С глаз Турина спали последние нити Глаурунговых чар. Боль, ярость, гнев, ложь, на которой его так провели, ненависть к захватчикам, притеснявшим мать и сестру, ударили ему в голову черным неистовством. Он убил Бродду и других вастаков, бывших у него в гостях. Потом, словно затравленный волк, не разбирая дороги, бросился в метель. Его спасли люди из народа Хадора. Тайными тропами, под прикрытием сильного снегопада, они привели его к южным отрогам Дор Ломина, где ютились другие изгнанники. Оттуда через некоторое время он снова вернулся в долину Сириона. Скверно было у него на душе. Ничего, кроме новых гонений, не принес он своим соотечественникам. Они не стали его задерживать, когда он ушел. Лишь одна мысль хоть как-то утешала: Айрин сказала – именно Черный Меч дал Морвен возможность уйти в Дориат. «Значит, не все, содеянное мной, вело к худу, – успокаивал он себя. – Даже приди я раньше, мне не найти для матери более надежного убежища. Пока держится Пояс Мелиан, не все потеряно. Даже лучше, что меня здесь не оказалось. А то, куда бы я ни пришел, всюду за мной следует тень зла. Пусть уж хранит их могущество Мелиан, а мне лучше оставить своих родных в покое!»

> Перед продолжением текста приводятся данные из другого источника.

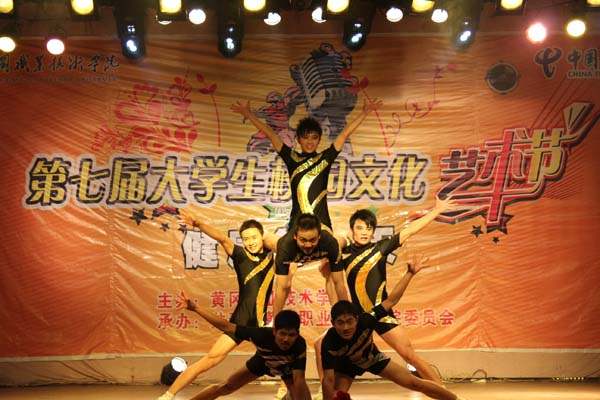比赛中选手身穿五彩缤纷的比赛服,踏着激昂动感的音乐节拍,在比赛舞台上完成了一套套精心构思的动作,为观众带来美的享受。开场富有印度国风的舞蹈,魅感的色彩,给我们带来了一场视觉盛宴;吸收了古筝、武术、搏击等元素的表演则更是展示了动感风情。整齐的动作、敏捷的身法、活力的跳跃、参赛队员们酣畅淋漓地表演,秀活力、展青春、争上游,舞出了一道道绚丽多姿的风景线。黑白配让我们激动不已,We can fly 则让人回味无穷,毛毛虫使人感叹,苏妲己更加精彩,而天枰座和Heaven killer 更是两次引领欢呼的高潮。激情与豪迈辉映,和谐和动感相生,火热的场面吸引观看比赛的所有观众。
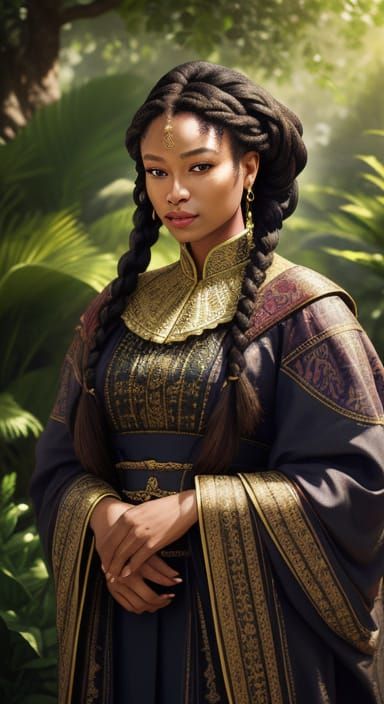 This image shows a stunning, photorealistic portrait of a woman standing in a lush garden, with intricate braids and elegant attire, under warm golden hour light.
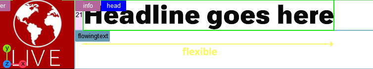 In the flexbox properties of the head container, set Grow and Shrink to 0, Width and Height to Auto. In addition, set all margins (expect left) to Auto. The left margin now controls the distance/offset of our headline text to the left Live Badge. You'll notice that the textbox now grows and shrinks correctly according to the amount of text being entered. If we would have kept the geometry aware scaling, the text can be sized down if it gets too large.
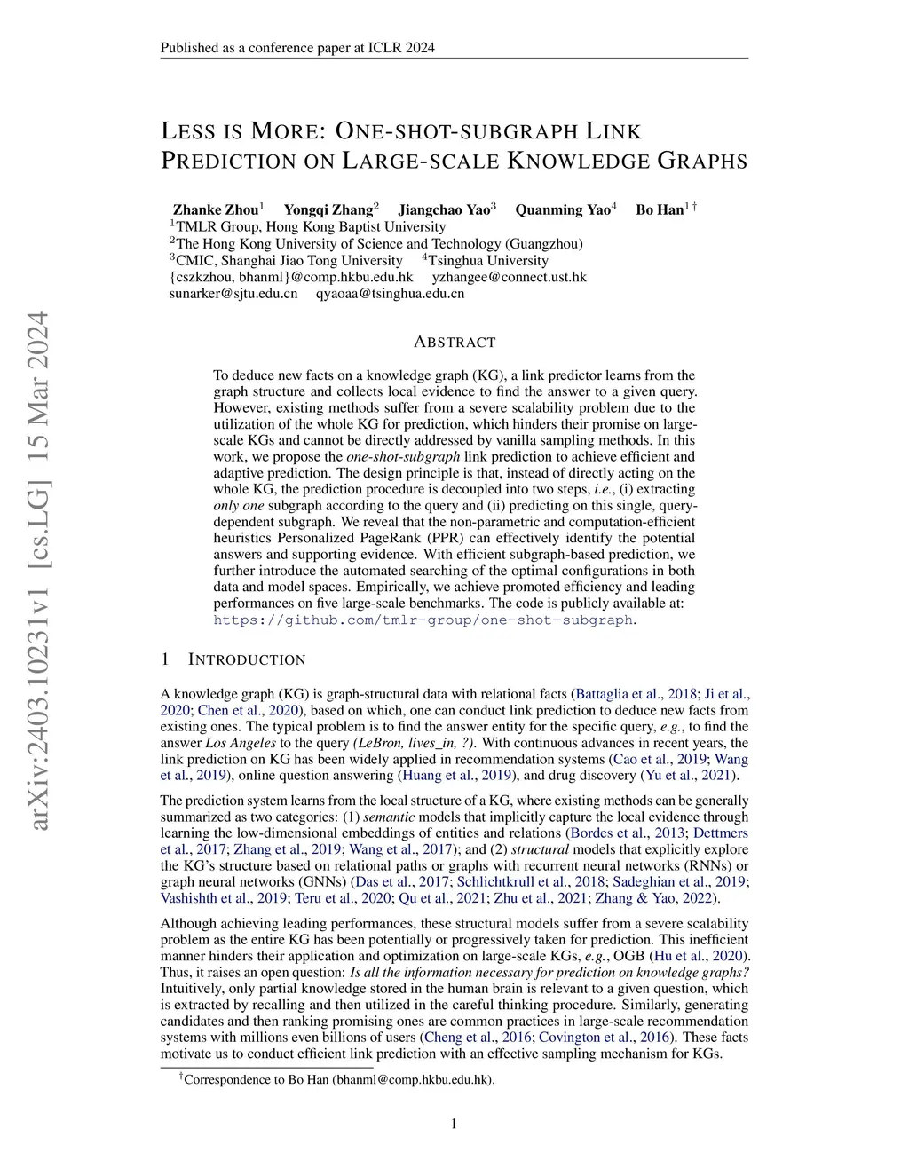 To deduce new facts on a knowledge graph (KG), a link predictor learns from the graph structure and collects local evidence to find the answer to a given query. However, existing methods suffer from a severe scalability problem due to the utilization of the whole KG for prediction, which hinders their promise on large scale KGs and cannot be directly addressed by vanilla sampling methods. In this work, we propose the one-shot-subgraph link prediction to achieve efficient and adaptive prediction. The design principle is that, instead of directly acting on the whole KG, the prediction procedure is decoupled into two steps, i.e., (i) extracting only one subgraph according to the query and (ii) predicting on this single, query dependent subgraph. We reveal that the non-parametric and computation-efficient heuristics Personalized PageRank (PPR) can effectively identify the potential answers and supporting evidence. With efficient subgraph-based prediction, we further introduce the automated searching of the optimal configurations in both data and model spaces. Empirically, we achieve promoted efficiency and leading performances on five large-scale benchmarks. The code is publicly available at:this https URL.
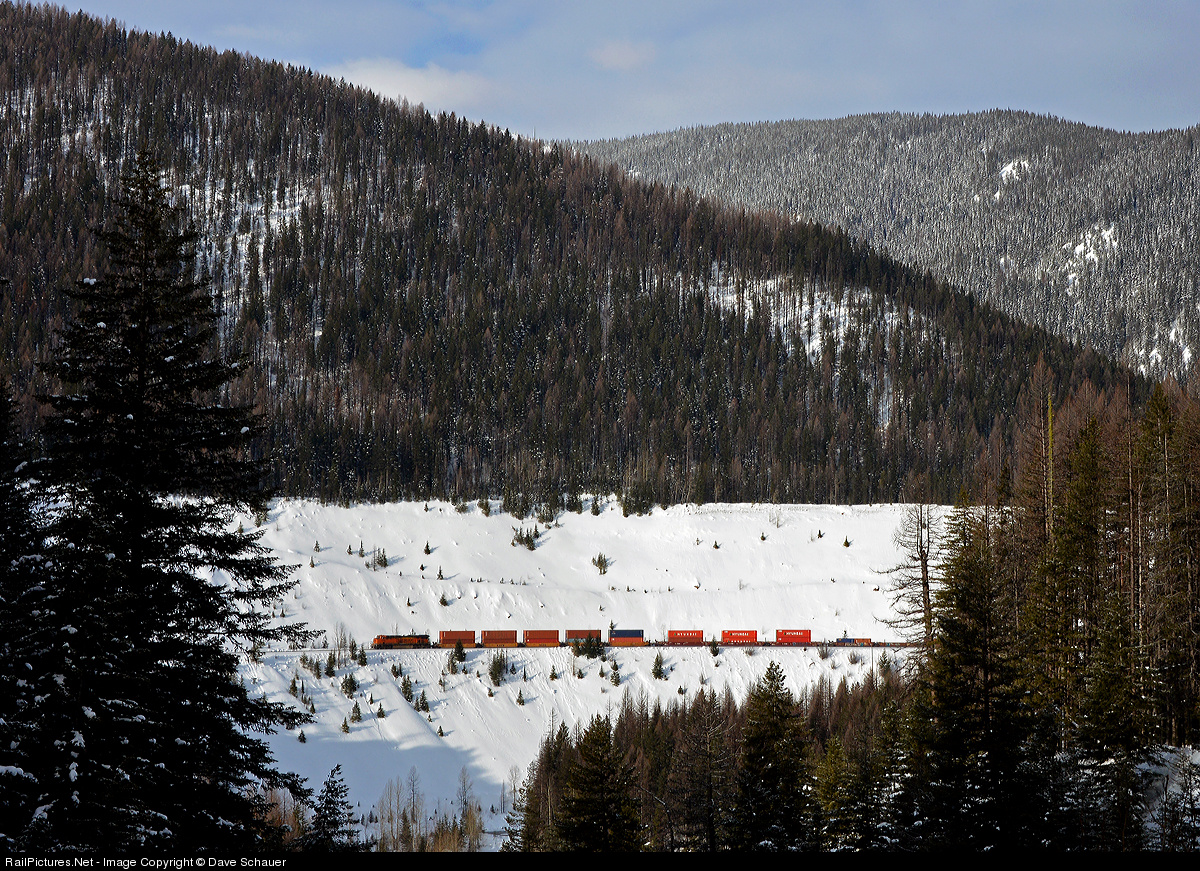 | A stack train provides a nice splash of color as it eases along the single track east of Essex near Java on Marias Pass. Heavy snow in this area has caused issues this winter with an avalanche recently closing the line east of here. |
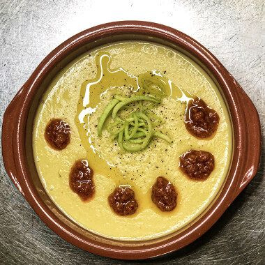 7. Die samtige Creme auf Tellern/Schalen verteilen, nach Belieben mit dem Lauch, Pesto Rosso und einem Spritzer Olivenöl garnieren.
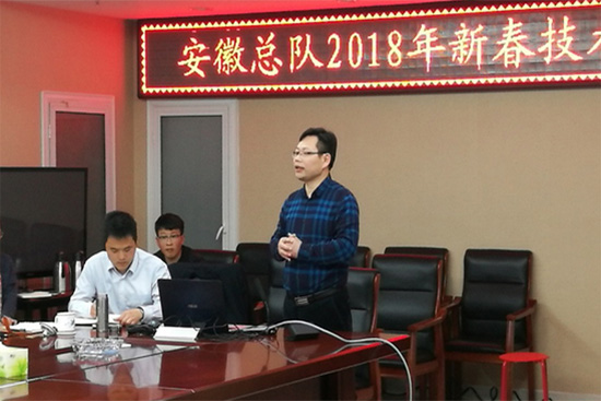 2月28日,安徽總隊組織召開了一年一度的新春技術交流會,旨在提高總隊技術水平,增進各專業的彼此認知,更好地落實總隊“十三五”規劃。會議由副總隊長、總工程師詹建華主持,副總隊長徐學軍,地勘院、工程勘察院、測繪院、地環院、實驗室等部門近40名技術人員參加會議。
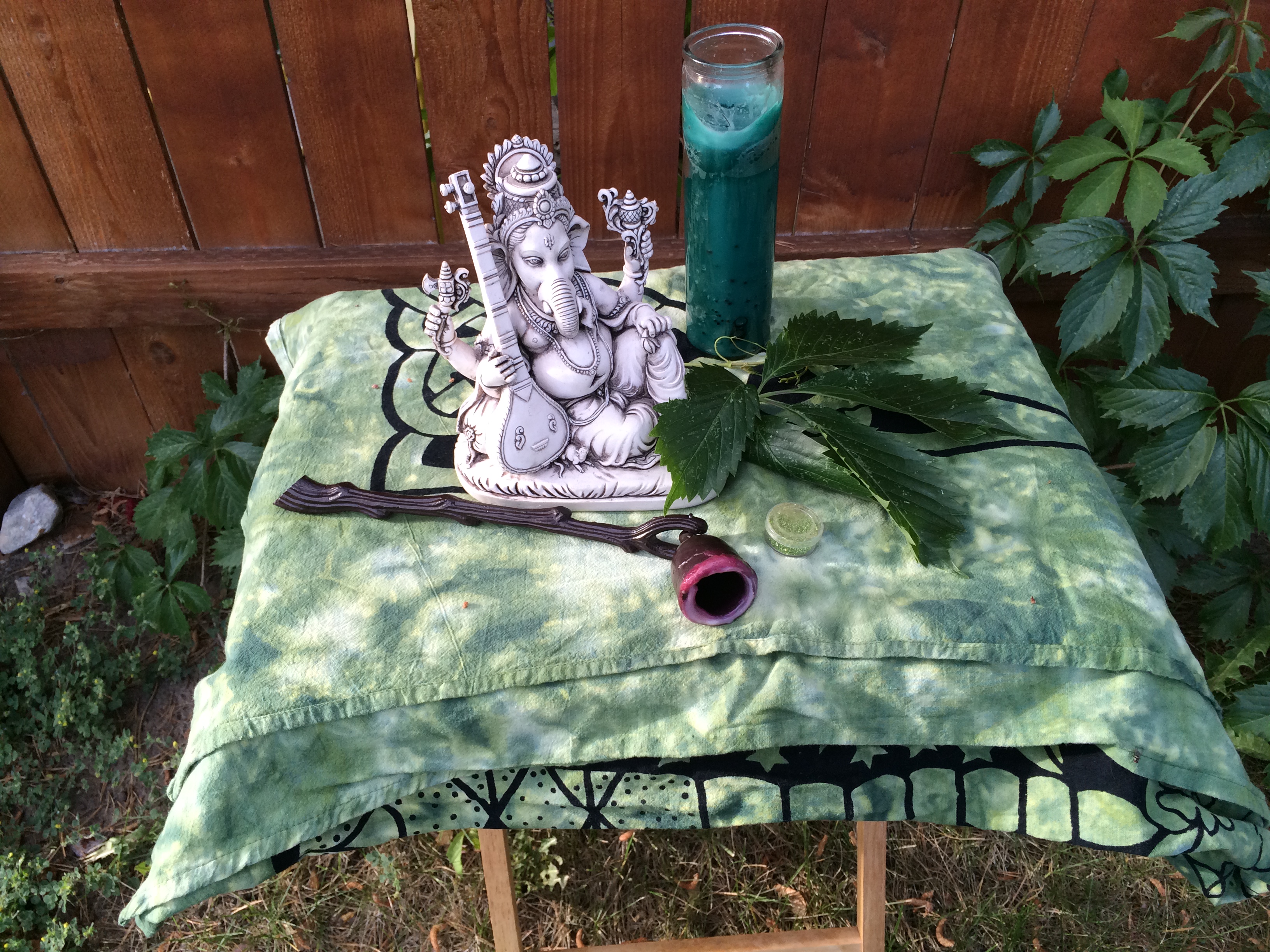 That night about 2am, the demon showed up. Everyone was around the fire outside, but the noises and uneasiness of the environment were felt, eyes were upon us and everyone was on edge. I personally saw the demon, black figure with white eyes, rush towards me from the Ganesh shrine. It later tried to posses me. I called Gwen Allen, our voodoo priestess and she sent Mama Brigitte over to eat it once it was trapped in the bathroom upstairs (Gwen told us it was hiding in there). We put white cornmeal across the seal, said the Lord’s Prayer, made the cross on the door, and propped up against it one of April Love’s mother’s green chairs that turned out to be solid Oak (most sacred to the druids).

Перебравшись через Эред Ветрин, Турин потратил впустую много времени, разыскивая Финдуилас. Он одичал, скитаясь по лесам, вынюхивая следы и устраивая засады на дорогах. Но он опоздал. Зима вступила в свои права, не оставив ему надежды. Однажды случилось ему вызволить несколько человек из Бретильских Лесов, окруженных орками. Большого труда это не потребовало, потому что орки, признав Гурфанг, в ужасе разбежались. Турин назвался Лесным Дикарем. Люди просили его остаться с ними, но он отказался. Видя их огорчение, Турин стал объяснять, что не выполнил пока своего обета разыскать дочь Короля Ородрефа Финдуилас. Услышав это, предводитель людей Дорлас рассказал Турину о смерти принцессы. Еще осенью лесовики выследили банду орков, угонявших пленных из Нарготронда, надеясь отбить их. Но как только они напали, орки безжалостно прикончили всех пленников, а Финдуилас пригвоздили копьем к дереву. Многие слышали ее последние слова: «Передайте Мормегилу, что я здесь». «Могила ее неподалеку отсюда, – сказал Дорлас. – Мы назвали это место Хауд-эн-Эллеф, Курган Эльфийской Девы». Турин попросил проводить его туда. Поднявшись на холм, он потерял сознание от горя и долго лежал в глубоком обмороке. Дорлас давно уже догадался, кто забрел к ним в лесную глушь. Гурфанг и упоминание об эльфийской принцессе красноречиво называли Мормегила из Нарготронда, а по слухам – сына Хурина из Дор Ломина.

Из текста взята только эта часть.